You say "there's no value judgment here whatsoever". So you have obviously
not yet grasped what the MoQ is about which makes your arguments even less
worth.
> Yes I can see the problem if that is how you view rationality. I would
> suspect that to most people rational means 'based upon reason'. If we find
> that current theories are not based upon reason because we find new evidence
> that refutes them, then we reject them and formulate a new theory which
> conforms better to reason and so becomes more probable. In this way any good
> new theory is totally reasonable and entirely rational.

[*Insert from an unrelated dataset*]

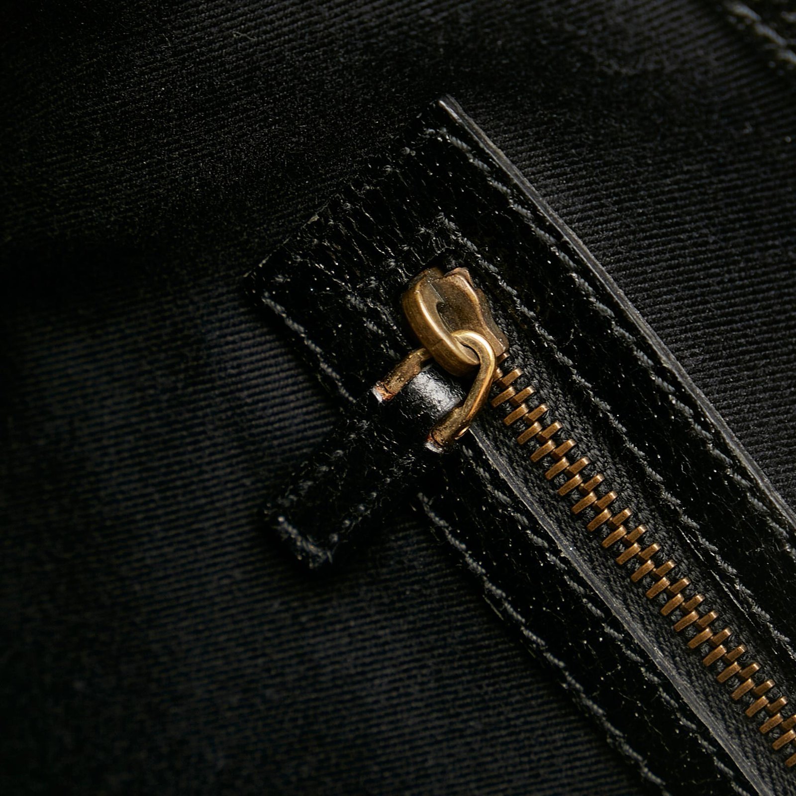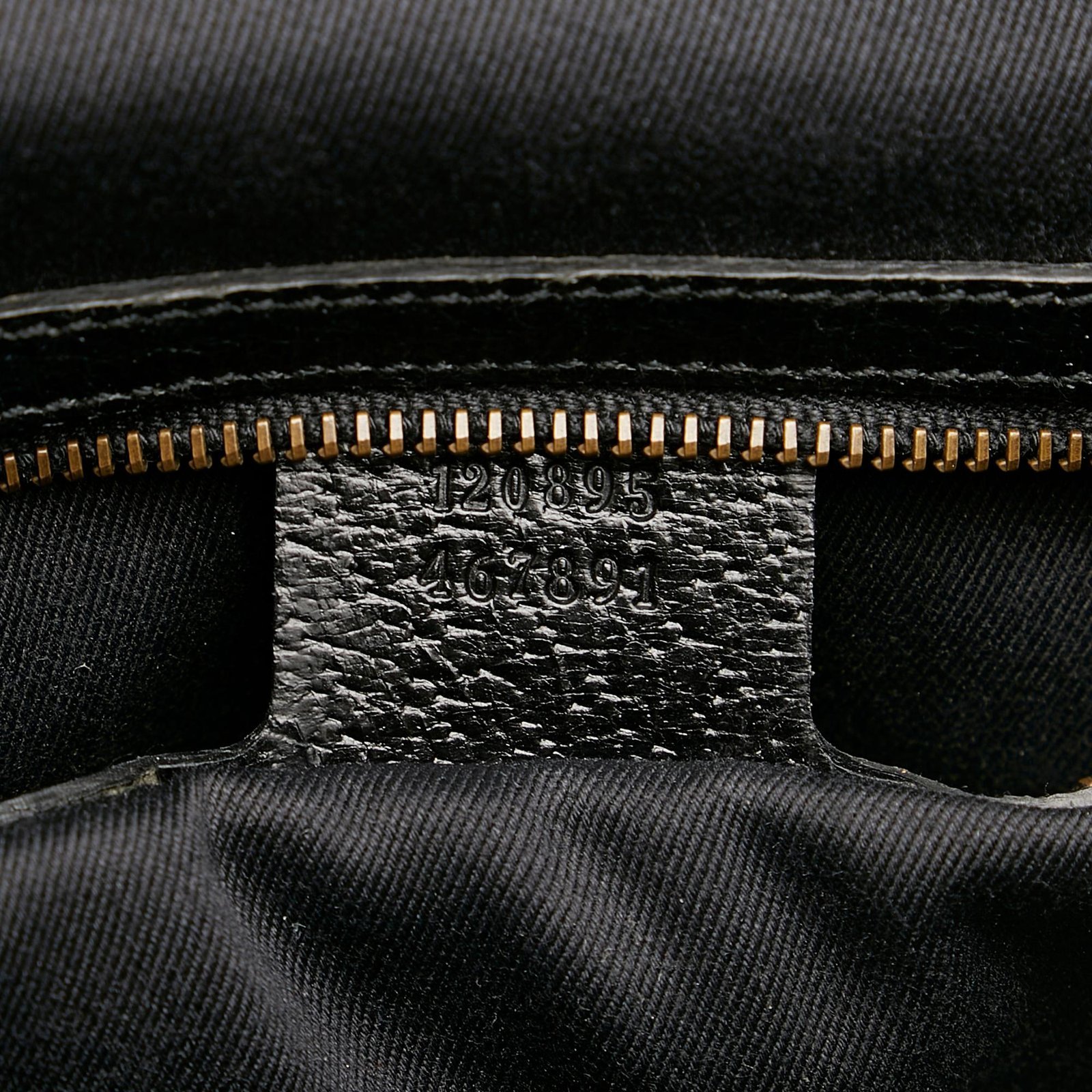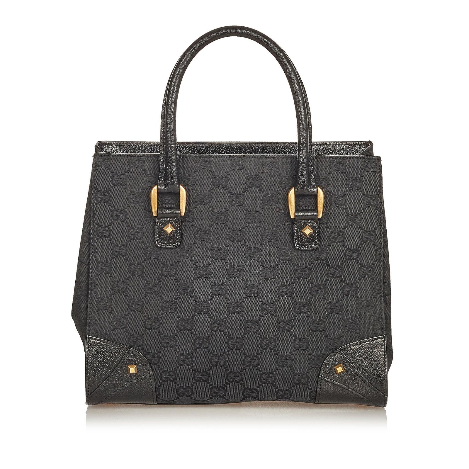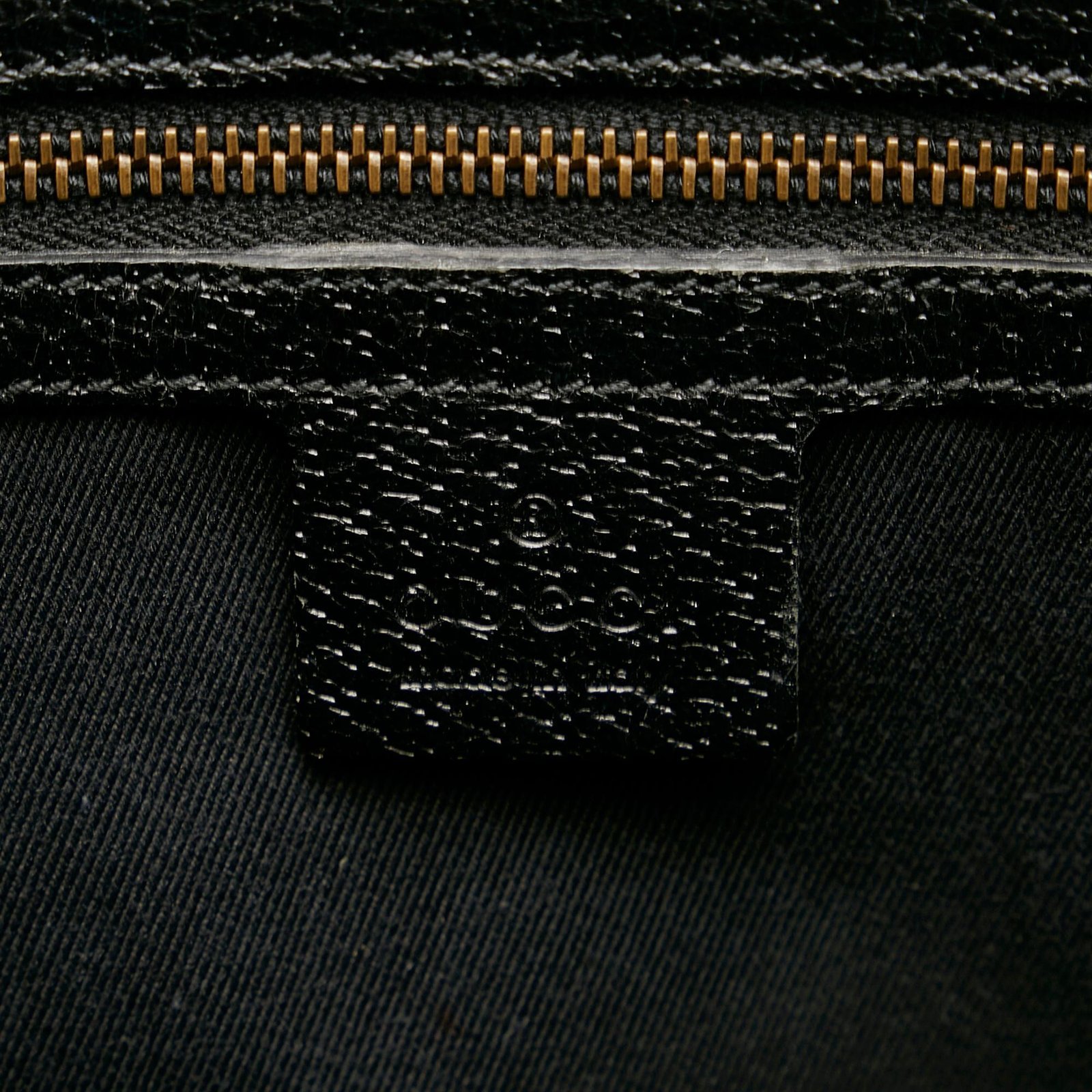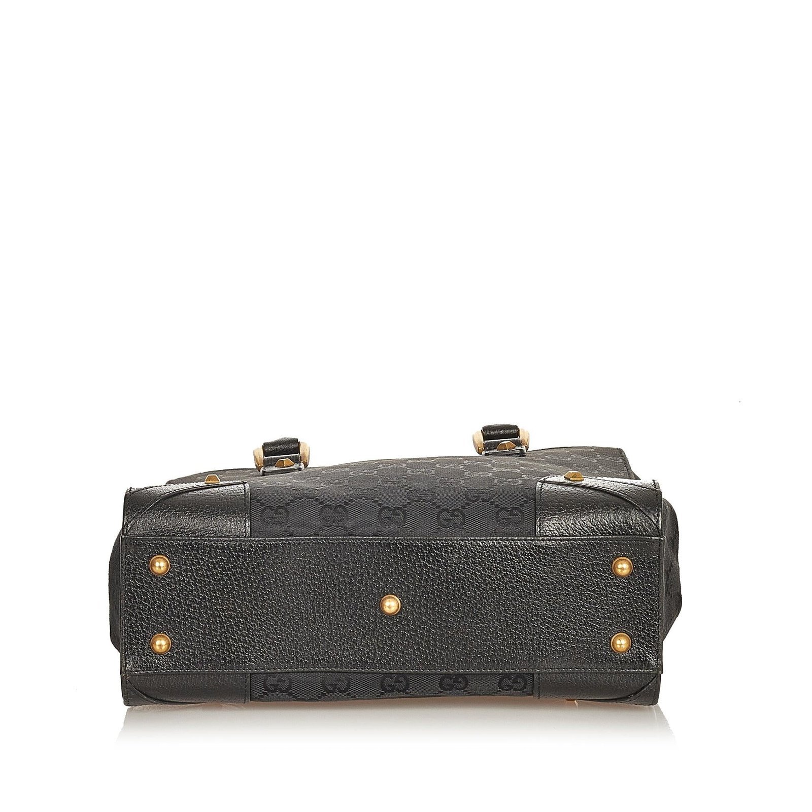 This chic Gucci handbag is crafted from black GG canvas and accented with gold-tone nailhead hardware, creating a striking and sophisticated look. Designed for everyday use, it features a spacious interior to keep essentials organized while maintaining a sleek silhouette.

The keywords here are formulate and good. How do you know if a newly
formulated theory is good? You can't use the old theory, that was just
abandoned. And the new one is based on old theories and the new evidence.
But given the old theories and the new evidence there are an infinite
number of new theories that explains reality. It doesn't matter how many
experiments you perform to narrow the new theories down to a minimum.
There's still an infinite number of them. Which one do you choose?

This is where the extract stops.